◆ **TASK**: For the records that follow, please set down exactly the lines between the one holding "Brilliantly colored pink, this" and the one holding "Perched on a", inclusive, and only those.

◆ **RECORDS FOR THE TASK**:
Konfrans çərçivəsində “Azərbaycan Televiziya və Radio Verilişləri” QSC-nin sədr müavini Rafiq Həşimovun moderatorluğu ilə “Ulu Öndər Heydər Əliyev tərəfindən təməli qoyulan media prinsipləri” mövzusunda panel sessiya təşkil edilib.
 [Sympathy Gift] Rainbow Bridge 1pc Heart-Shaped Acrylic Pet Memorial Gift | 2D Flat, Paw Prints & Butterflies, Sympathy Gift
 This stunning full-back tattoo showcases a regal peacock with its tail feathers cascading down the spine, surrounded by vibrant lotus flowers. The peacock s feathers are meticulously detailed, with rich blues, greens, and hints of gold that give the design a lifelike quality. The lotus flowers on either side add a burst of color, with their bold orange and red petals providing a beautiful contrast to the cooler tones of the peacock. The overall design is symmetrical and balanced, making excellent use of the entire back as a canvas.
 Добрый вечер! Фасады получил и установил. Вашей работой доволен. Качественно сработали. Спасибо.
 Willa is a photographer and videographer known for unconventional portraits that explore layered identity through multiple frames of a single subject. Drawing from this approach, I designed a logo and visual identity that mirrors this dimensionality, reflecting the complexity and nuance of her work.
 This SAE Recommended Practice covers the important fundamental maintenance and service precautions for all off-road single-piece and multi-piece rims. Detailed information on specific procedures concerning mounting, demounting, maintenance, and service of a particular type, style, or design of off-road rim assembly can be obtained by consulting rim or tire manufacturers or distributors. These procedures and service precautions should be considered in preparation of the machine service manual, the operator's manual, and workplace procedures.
* * *
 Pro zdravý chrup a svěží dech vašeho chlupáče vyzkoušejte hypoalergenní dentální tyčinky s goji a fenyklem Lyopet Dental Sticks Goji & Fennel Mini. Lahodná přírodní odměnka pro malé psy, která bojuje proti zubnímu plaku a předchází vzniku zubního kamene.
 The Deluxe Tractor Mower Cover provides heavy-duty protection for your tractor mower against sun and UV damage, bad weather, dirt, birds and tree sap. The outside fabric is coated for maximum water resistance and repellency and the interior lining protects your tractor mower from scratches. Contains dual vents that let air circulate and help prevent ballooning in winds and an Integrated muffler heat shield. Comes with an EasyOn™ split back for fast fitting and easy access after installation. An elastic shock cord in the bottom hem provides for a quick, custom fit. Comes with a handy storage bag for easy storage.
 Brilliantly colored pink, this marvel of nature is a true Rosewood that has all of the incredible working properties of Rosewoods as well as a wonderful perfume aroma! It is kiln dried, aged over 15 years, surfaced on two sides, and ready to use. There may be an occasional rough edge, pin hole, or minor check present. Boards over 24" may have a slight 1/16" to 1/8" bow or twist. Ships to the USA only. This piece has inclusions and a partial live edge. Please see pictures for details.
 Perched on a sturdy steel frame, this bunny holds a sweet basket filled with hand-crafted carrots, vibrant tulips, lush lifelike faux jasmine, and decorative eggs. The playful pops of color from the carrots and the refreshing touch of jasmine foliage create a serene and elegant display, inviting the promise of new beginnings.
--
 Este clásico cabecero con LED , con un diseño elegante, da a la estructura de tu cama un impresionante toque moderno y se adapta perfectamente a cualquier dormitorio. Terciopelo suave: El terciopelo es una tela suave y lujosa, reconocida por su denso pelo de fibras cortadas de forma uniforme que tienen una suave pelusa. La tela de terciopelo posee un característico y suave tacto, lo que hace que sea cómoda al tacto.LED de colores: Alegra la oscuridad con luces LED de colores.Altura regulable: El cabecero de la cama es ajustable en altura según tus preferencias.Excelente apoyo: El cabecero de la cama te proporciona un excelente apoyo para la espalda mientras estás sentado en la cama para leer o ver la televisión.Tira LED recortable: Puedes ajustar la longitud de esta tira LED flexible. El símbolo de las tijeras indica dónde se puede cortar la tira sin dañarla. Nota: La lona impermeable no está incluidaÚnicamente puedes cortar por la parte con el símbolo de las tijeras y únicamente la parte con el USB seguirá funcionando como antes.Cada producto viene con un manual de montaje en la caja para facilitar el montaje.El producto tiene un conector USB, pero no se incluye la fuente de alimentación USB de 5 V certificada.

◆ **YOUR RESPONSE**:
 Brilliantly colored pink, this marvel of nature is a true Rosewood that has all of the incredible working properties of Rosewoods as well as a wonderful perfume aroma! It is kiln dried, aged over 15 years, surfaced on two sides, and ready to use. There may be an occasional rough edge, pin hole, or minor check present. Boards over 24" may have a slight 1/16" to 1/8" bow or twist. Ships to the USA only. This piece has inclusions and a partial live edge. Please see pictures for details.
 Perched on a sturdy steel frame, this bunny holds a sweet basket filled with hand-crafted carrots, vibrant tulips, lush lifelike faux jasmine, and decorative eggs. The playful pops of color from the carrots and the refreshing touch of jasmine foliage create a serene and elegant display, inviting the promise of new beginnings.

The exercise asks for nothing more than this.